Innocent Bystander Innocent Bystander - 2 months ago 17
C++ Question

Is it legal to cast to enum values not representable by enum?

Given

enum class val { foo = 1, bar = 2, baz = 4 };


It is possible to define:

val operator|(val x, val y)
{
return static_cast<val>(static_cast<int>(x) | static_cast<int>(y));
}


However, is it semantically correct to do so?

I am leaning towards no, as demonstrated in the following, seemingly well-behaving example:

int convert(val x)
{
switch(x)
{
case val::foo: return 42;
case val::bar: return 53;
case val::baz: return 64;
}
}


Calling
convert(val::foo | val::bar)
will return
0
when compiled with g++ and segmentation fault with clang++.

Here is g++ version. And here is clang++ version.

My question is two-fold:


  1. Is it semantically correct to store values in an enum that are not represented by an enumerator? Excerpts from the standard are most welcome.



1.a Which compiler is correct in the above linked examples, g++ or clang++?


  1. Is there a standard (or proposed) way to represent flags in C++?

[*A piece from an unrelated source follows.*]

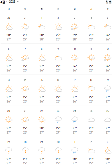 2025년 4월 필리핀 보라카이 날씨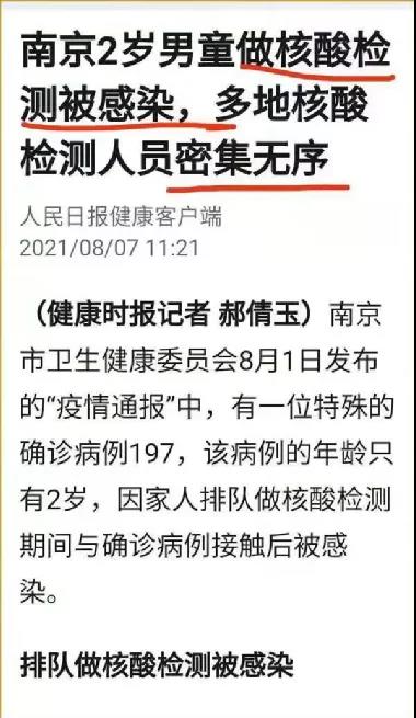 多地群眾反應(yīng),檢測(cè)現(xiàn)場(chǎng)亂糟糟的一堆人擁擠推搡,進(jìn)展緩慢且隊(duì)伍越來越長(zhǎng),部分熟人一同排隊(duì)不戴口罩還唾沫橫飛的聊天,哪顧得什么“一米線”的限制。南京某2歲男童隨家人排隊(duì)做核酸檢測(cè),期間家人與鄰居有近距離交談(接觸確診病例),后隨家人與另一鄰居在家后院交談(接觸確診病例),此后被診斷為新冠肺炎確診病例,讓人倒吸一口涼氣。

I can think of several possible implementations:

enum class val { foo, bar, baz, size };
using val_flags = std::set<val>; // (1)
using val_flags = std::vector<bool>; // (2)
using val_flags = std::bitset<val::size>; // (3)
using val_flags = std::underlying_type<val>::type; // (4)


UPDATE:

Thank you all for your answers. I ended up resurrecting my old enum operator template. In case anybody is interested, it can be found here: github.com

Answer

following, seemingly well-behaving example:

It's not, but make one minor change:

int convert(val x)
{
    switch(x)
    {
    case val::foo: return 42;
    case val::bar: return 53;
    case val::baz: return 64;
    }

    return 9; // ADDED THIS LINE
}

and all will be well. An alternate fix would be to use a default: case and return there.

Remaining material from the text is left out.